What is needed is a word-for-word copy of the records below.

Entries taken from a collection:
____

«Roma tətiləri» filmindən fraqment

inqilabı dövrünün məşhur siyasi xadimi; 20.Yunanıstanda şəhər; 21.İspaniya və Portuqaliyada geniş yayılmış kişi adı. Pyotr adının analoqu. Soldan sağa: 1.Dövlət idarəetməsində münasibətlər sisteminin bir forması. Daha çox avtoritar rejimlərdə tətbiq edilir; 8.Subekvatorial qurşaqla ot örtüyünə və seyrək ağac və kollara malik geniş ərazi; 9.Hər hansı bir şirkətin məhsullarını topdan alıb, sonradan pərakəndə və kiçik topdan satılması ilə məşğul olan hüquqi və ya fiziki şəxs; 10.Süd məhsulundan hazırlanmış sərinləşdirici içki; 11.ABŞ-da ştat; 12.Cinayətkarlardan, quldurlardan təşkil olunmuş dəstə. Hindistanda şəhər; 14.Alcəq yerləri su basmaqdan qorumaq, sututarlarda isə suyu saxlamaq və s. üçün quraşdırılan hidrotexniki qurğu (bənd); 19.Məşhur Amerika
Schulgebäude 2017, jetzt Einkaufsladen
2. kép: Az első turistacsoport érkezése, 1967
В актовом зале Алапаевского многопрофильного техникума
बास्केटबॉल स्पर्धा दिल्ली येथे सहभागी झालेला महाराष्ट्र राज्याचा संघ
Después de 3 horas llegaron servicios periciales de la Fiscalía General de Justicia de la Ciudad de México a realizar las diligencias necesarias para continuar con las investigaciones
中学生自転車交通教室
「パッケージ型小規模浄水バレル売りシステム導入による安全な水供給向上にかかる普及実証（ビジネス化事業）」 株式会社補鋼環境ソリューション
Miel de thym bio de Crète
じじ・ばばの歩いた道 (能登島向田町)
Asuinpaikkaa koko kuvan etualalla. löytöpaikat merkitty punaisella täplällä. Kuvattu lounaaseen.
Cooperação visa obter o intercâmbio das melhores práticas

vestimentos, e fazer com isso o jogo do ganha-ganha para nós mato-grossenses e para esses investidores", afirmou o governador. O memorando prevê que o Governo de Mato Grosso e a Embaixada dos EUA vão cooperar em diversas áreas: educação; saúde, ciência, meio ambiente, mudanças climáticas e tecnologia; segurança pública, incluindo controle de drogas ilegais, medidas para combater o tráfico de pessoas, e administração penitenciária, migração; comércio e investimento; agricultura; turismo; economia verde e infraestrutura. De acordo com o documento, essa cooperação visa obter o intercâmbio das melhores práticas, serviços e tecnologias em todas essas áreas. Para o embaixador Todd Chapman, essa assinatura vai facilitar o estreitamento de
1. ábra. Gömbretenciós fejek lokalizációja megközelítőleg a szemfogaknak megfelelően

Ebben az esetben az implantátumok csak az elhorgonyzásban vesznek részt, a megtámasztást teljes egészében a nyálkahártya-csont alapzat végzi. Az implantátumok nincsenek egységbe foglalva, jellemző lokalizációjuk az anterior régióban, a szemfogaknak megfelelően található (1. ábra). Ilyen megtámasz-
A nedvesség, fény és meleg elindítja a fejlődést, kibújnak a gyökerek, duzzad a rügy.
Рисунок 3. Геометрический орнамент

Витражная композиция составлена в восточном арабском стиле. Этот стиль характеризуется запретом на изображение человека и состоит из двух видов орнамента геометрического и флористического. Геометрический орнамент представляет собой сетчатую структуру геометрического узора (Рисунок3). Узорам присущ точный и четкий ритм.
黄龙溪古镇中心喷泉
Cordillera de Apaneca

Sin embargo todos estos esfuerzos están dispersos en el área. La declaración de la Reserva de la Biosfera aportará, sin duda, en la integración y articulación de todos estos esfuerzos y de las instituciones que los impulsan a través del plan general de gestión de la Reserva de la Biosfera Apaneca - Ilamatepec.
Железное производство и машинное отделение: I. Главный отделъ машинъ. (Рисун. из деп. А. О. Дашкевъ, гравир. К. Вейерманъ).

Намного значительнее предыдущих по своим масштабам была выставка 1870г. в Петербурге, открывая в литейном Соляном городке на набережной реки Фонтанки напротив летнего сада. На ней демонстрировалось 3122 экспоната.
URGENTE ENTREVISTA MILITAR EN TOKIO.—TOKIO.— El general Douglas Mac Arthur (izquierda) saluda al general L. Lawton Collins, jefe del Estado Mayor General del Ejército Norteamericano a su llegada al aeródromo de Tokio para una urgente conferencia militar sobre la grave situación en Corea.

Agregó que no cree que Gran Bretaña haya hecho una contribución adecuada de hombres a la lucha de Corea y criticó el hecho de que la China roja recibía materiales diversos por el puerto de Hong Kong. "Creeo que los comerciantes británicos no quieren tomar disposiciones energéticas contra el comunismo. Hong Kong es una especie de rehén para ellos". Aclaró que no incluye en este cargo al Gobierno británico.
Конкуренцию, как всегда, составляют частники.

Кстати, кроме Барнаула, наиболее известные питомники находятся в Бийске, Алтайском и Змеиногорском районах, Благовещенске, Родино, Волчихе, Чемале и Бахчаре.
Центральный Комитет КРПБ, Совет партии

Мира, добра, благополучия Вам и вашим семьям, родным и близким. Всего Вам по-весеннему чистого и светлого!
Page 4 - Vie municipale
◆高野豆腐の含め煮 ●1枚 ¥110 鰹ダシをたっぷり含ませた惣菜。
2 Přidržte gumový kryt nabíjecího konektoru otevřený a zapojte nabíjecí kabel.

____

WRITTEN SOLUTION:
«Roma tətiləri» filmindən fraqment

inqilabı dövrünün məşhur siyasi xadimi; 20.Yunanıstanda şəhər; 21.İspaniya və Portuqaliyada geniş yayılmış kişi adı. Pyotr adının analoqu. Soldan sağa: 1.Dövlət idarəetməsində münasibətlər sisteminin bir forması. Daha çox avtoritar rejimlərdə tətbiq edilir; 8.Subekvatorial qurşaqla ot örtüyünə və seyrək ağac və kollara malik geniş ərazi; 9.Hər hansı bir şirkətin məhsullarını topdan alıb, sonradan pərakəndə və kiçik topdan satılması ilə məşğul olan hüquqi və ya fiziki şəxs; 10.Süd məhsulundan hazırlanmış sərinləşdirici içki; 11.ABŞ-da ştat; 12.Cinayətkarlardan, quldurlardan təşkil olunmuş dəstə. Hindistanda şəhər; 14.Alcəq yerləri su basmaqdan qorumaq, sututarlarda isə suyu saxlamaq və s. üçün quraşdırılan hidrotexniki qurğu (bənd); 19.Məşhur Amerika
Schulgebäude 2017, jetzt Einkaufsladen
2. kép: Az első turistacsoport érkezése, 1967
В актовом зале Алапаевского многопрофильного техникума
बास्केटबॉल स्पर्धा दिल्ली येथे सहभागी झालेला महाराष्ट्र राज्याचा संघ
Después de 3 horas llegaron servicios periciales de la Fiscalía General de Justicia de la Ciudad de México a realizar las diligencias necesarias para continuar con las investigaciones
中学生自転車交通教室
「パッケージ型小規模浄水バレル売りシステム導入による安全な水供給向上にかかる普及実証（ビジネス化事業）」 株式会社補鋼環境ソリューション
Miel de thym bio de Crète
じじ・ばばの歩いた道 (能登島向田町)
Asuinpaikkaa koko kuvan etualalla. löytöpaikat merkitty punaisella täplällä. Kuvattu lounaaseen.
Cooperação visa obter o intercâmbio das melhores práticas

vestimentos, e fazer com isso o jogo do ganha-ganha para nós mato-grossenses e para esses investidores", afirmou o governador. O memorando prevê que o Governo de Mato Grosso e a Embaixada dos EUA vão cooperar em diversas áreas: educação; saúde, ciência, meio ambiente, mudanças climáticas e tecnologia; segurança pública, incluindo controle de drogas ilegais, medidas para combater o tráfico de pessoas, e administração penitenciária, migração; comércio e investimento; agricultura; turismo; economia verde e infraestrutura. De acordo com o documento, essa cooperação visa obter o intercâmbio das melhores práticas, serviços e tecnologias em todas essas áreas. Para o embaixador Todd Chapman, essa assinatura vai facilitar o estreitamento de
1. ábra. Gömbretenciós fejek lokalizációja megközelítőleg a szemfogaknak megfelelően

Ebben az esetben az implantátumok csak az elhorgonyzásban vesznek részt, a megtámasztást teljes egészében a nyálkahártya-csont alapzat végzi. Az implantátumok nincsenek egységbe foglalva, jellemző lokalizációjuk az anterior régióban, a szemfogaknak megfelelően található (1. ábra). Ilyen megtámasz-
A nedvesség, fény és meleg elindítja a fejlődést, kibújnak a gyökerek, duzzad a rügy.
Рисунок 3. Геометрический орнамент

Витражная композиция составлена в восточном арабском стиле. Этот стиль характеризуется запретом на изображение человека и состоит из двух видов орнамента геометрического и флористического. Геометрический орнамент представляет собой сетчатую структуру геометрического узора (Рисунок3). Узорам присущ точный и четкий ритм.
黄龙溪古镇中心喷泉
Cordillera de Apaneca

Sin embargo todos estos esfuerzos están dispersos en el área. La declaración de la Reserva de la Biosfera aportará, sin duda, en la integración y articulación de todos estos esfuerzos y de las instituciones que los impulsan a través del plan general de gestión de la Reserva de la Biosfera Apaneca - Ilamatepec.
Железное производство и машинное отделение: I. Главный отделъ машинъ. (Рисун. из деп. А. О. Дашкевъ, гравир. К. Вейерманъ).

Намного значительнее предыдущих по своим масштабам была выставка 1870г. в Петербурге, открывая в литейном Соляном городке на набережной реки Фонтанки напротив летнего сада. На ней демонстрировалось 3122 экспоната.
URGENTE ENTREVISTA MILITAR EN TOKIO.—TOKIO.— El general Douglas Mac Arthur (izquierda) saluda al general L. Lawton Collins, jefe del Estado Mayor General del Ejército Norteamericano a su llegada al aeródromo de Tokio para una urgente conferencia militar sobre la grave situación en Corea.

Agregó que no cree que Gran Bretaña haya hecho una contribución adecuada de hombres a la lucha de Corea y criticó el hecho de que la China roja recibía materiales diversos por el puerto de Hong Kong. "Creeo que los comerciantes británicos no quieren tomar disposiciones energéticas contra el comunismo. Hong Kong es una especie de rehén para ellos". Aclaró que no incluye en este cargo al Gobierno británico.
Конкуренцию, как всегда, составляют частники.

Кстати, кроме Барнаула, наиболее известные питомники находятся в Бийске, Алтайском и Змеиногорском районах, Благовещенске, Родино, Волчихе, Чемале и Бахчаре.
Центральный Комитет КРПБ, Совет партии

Мира, добра, благополучия Вам и вашим семьям, родным и близким. Всего Вам по-весеннему чистого и светлого!
Page 4 - Vie municipale
◆高野豆腐の含め煮 ●1枚 ¥110 鰹ダシをたっぷり含ませた惣菜。
2 Přidržte gumový kryt nabíjecího konektoru otevřený a zapojte nabíjecí kabel.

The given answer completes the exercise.